### RECORDS FOR THE EXERCISE
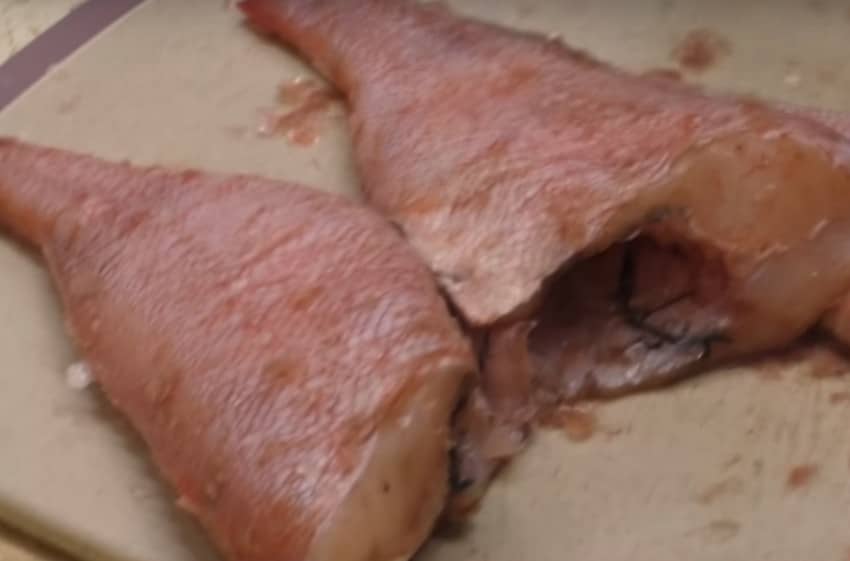- Удалите голову, уберите внутренности, срежьте плавники, хвост. Проверьте, не осталось ли внутри черной пленки, её необходимо обязательно убрать.
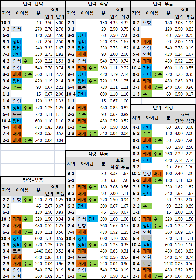 [소녀전선] [군수지원]소녀전선 별 효율 및 소녀전선 표
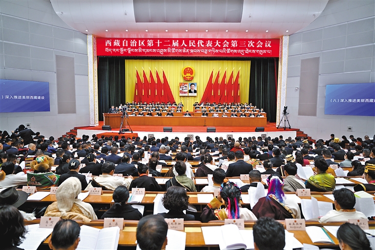 自治區(qū)十二屆人大三次會(huì)議開幕會(huì)現(xiàn)場(chǎng)。記者 旦增西旦 攝
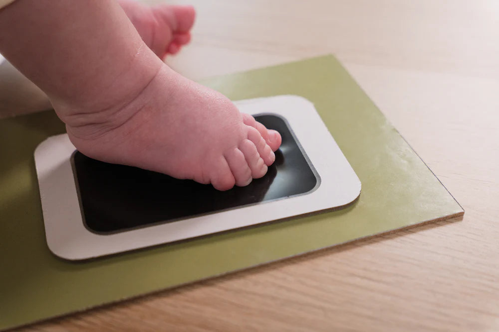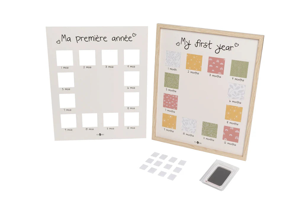 The My First Year Frame allows you to track baby's development month by month and proudly display photos of their growth over a year! With 12 windows which frame each milestone photo and a space in the center of the poster to make their first inkless prints, it's fully customizable. The My First Year Frame is reversible (English/French) and its background is decorated with Petit Artichaut motifs, adding a designer touch while waiting for the photos of the months to come. Included in the kit are an inkless stamp pad and instructions. The "Smart Inkless Touch" technology of the stamp ensures a lifelike print, without requiring baby's skin to touch any ink.
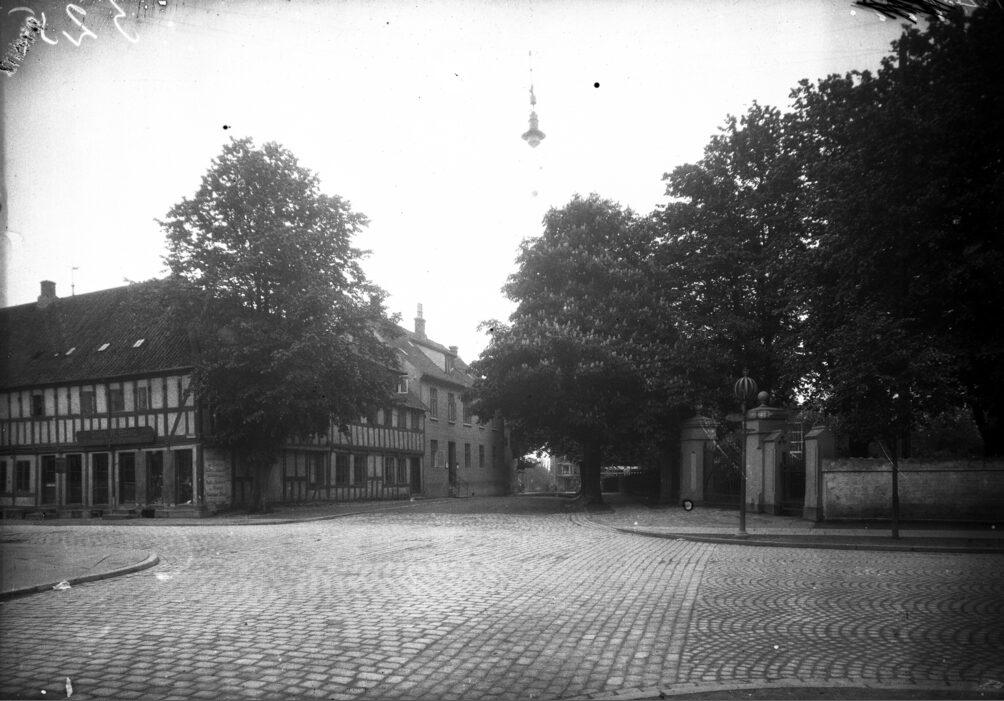 Hjørnet Frederiksgade - Frederiks Allé / Sønder Allé, set fra Vester Allé. Søndre Kirkegård til højre
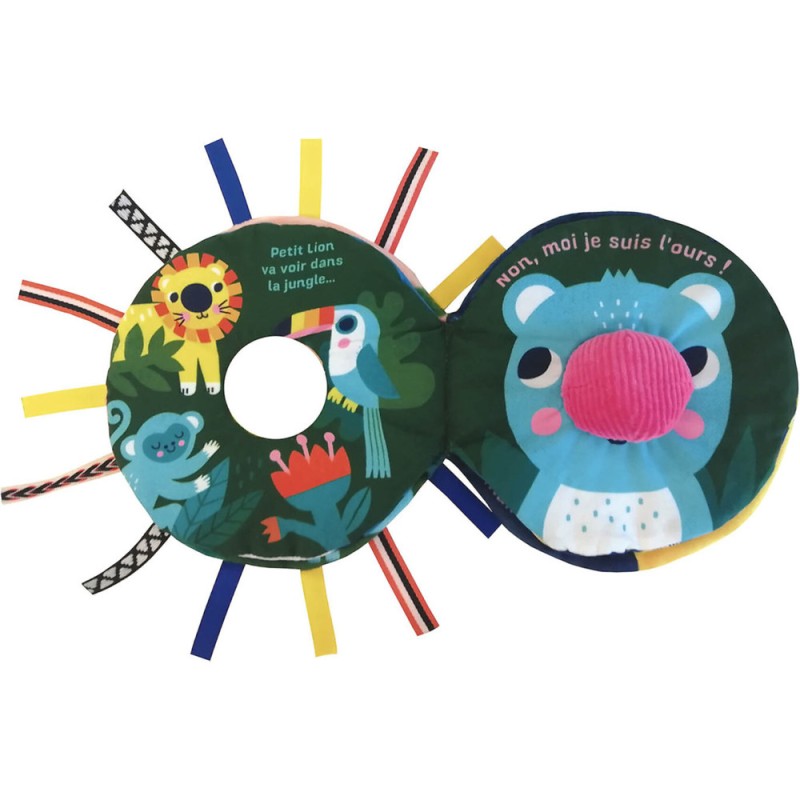 Joue sur l’affect (perso animal) sur le rire (pouêt en appui sur le nez)et sur la motricité fine (appui sur le nez). Un drôle de livre-tête originalun objet 2 en 1 : livre et jouet d’éveil sonore.
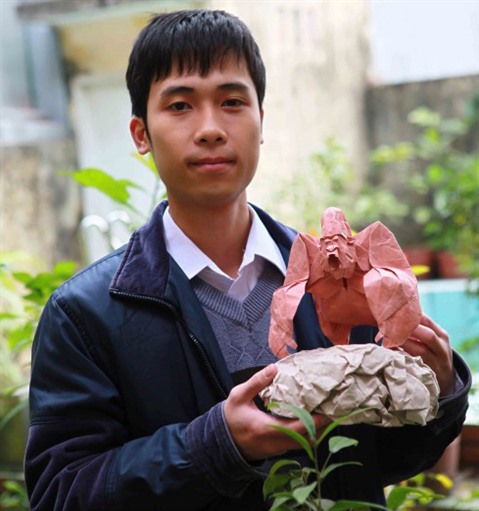 | L’origamiste vietnamien Nguyên Hùng Cuong et son œuvre "Gorilla". |

### WORK INSTRUCTION
Reproduce only the lines from the beginning of the data through the line that contains "Hjørnet Frederiksgade - Frederiks", both included, and please drop the pictures.

### FINAL ANSWER
- Удалите голову, уберите внутренности, срежьте плавники, хвост. Проверьте, не осталось ли внутри черной пленки, её необходимо обязательно убрать.
 [소녀전선] [군수지원]소녀전선 별 효율 및 소녀전선 표
 自治區(qū)十二屆人大三次會(huì)議開幕會(huì)現(xiàn)場(chǎng)。記者 旦增西旦 攝
 The My First Year Frame allows you to track baby's development month by month and proudly display photos of their growth over a year! With 12 windows which frame each milestone photo and a space in the center of the poster to make their first inkless prints, it's fully customizable. The My First Year Frame is reversible (English/French) and its background is decorated with Petit Artichaut motifs, adding a designer touch while waiting for the photos of the months to come. Included in the kit are an inkless stamp pad and instructions. The "Smart Inkless Touch" technology of the stamp ensures a lifelike print, without requiring baby's skin to touch any ink.
 Hjørnet Frederiksgade - Frederiks Allé / Sønder Allé, set fra Vester Allé. Søndre Kirkegård til højre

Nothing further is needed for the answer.